Je travaillais toujours chez Murdstone et Grinby; je me livrais toujours à la même occupation matérielle avec les mêmes compagnons, et j'éprouvais toujours le même sentiment d'une dégradation non méritée. Mais je n'avais, heureusement pour moi, fait aucune connaissance, je ne parlais à aucun des enfants que je voyais tous les jours en allant au magasin, en revenant, ou en errant dans les rues à l'heure des repas. Je menais la même vie triste et solitaire, mais mon chagrin restait toujours renfermé en moi-même. Le seul changement dont j'eusse conscience, c'est que mes habits devenaient plus râpés tous les jours et que j'étais en grande partie délivré de mes soucis sur le compte de M. et de mistress Micawber, qui vivaient dans la prison infiniment plus à l'aise que cela ne leur était arrivé depuis longtemps, et qui avaient été secourus dans leur détresse par des parents ou des amis. Je déjeunais avec eux, d'après un arrangement dont j'ai oublié les détails. J'ai oublié aussi à quelle heure les grilles de la prison s'ouvraient pour me permettre d'entrer; je sais seulement que je me levais souvent à six heures, et qu'en attendant l'ouverture des portes, j'allais m'asseoir sur l'un des bancs du vieux pont de Londres, d'où je m'amusais à regarder les passants, ou à contempler par-dessus le parapet le soleil qui se réfléchissait dans l'eau, et qui éclairait les flammes dorées en haut du Monument. L'orpheline venait me retrouver là parfois, pour écouter des histoires de ma composition sur la Tour de Londres; tout ce que j'en puis dire, c'est que j'espère que je croyais moi- même ce que je racontais. Le soir, je retournais à la prison, et je me promenais dans la boue avec M. Micawber ou je jouais aux cartes avec mistress Micawber, écoutant ses récits sur papa et maman. J'ignore si M. Murdstone savait comment je vivais alors. Je n'en ai jamais parlé chez Murdstone et Grinby.

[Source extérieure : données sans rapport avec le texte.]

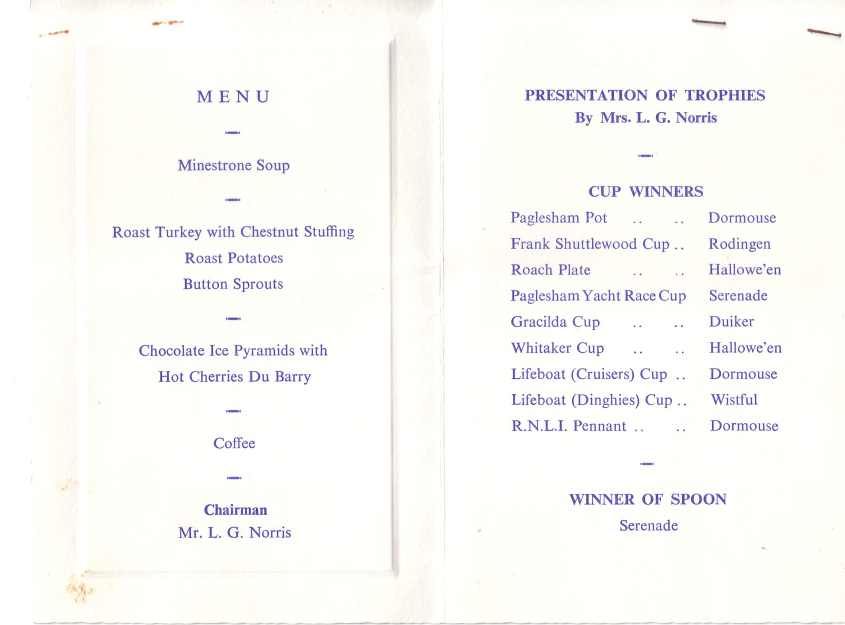 | No 404: Paglesham Laying Up Dinner card (1972) [Source: Rodney Choppin.] |

Les affaires de M. Micawber étaient toujours, malgré la trêve, très-embarrassées par le fait d'un certain «acte» dont j'entendais toujours parler, et que je suppose maintenant avoir été quelque arrangement antérieur avec ses créanciers, quoique je comprisse si peu alors de quoi il s'agissait, que, si je ne me trompe, je confondais cet acte légal avec les parchemins infernaux, contrats passés avec le diable, qui existaient, dit-on, jadis en Allemagne. Enfin ce document parut s'être évanoui, je ne sais comment; au moins avait-il cessé d'être une pierre d'achoppement comme par le passé, et mistress Micawber m'apprit que sa famille avait décidé que M. Micawber ferait un petit appel pour être mis en liberté d'après la loi des débiteurs insolvables, et qu'il pourrait être libre au bout de six semaines.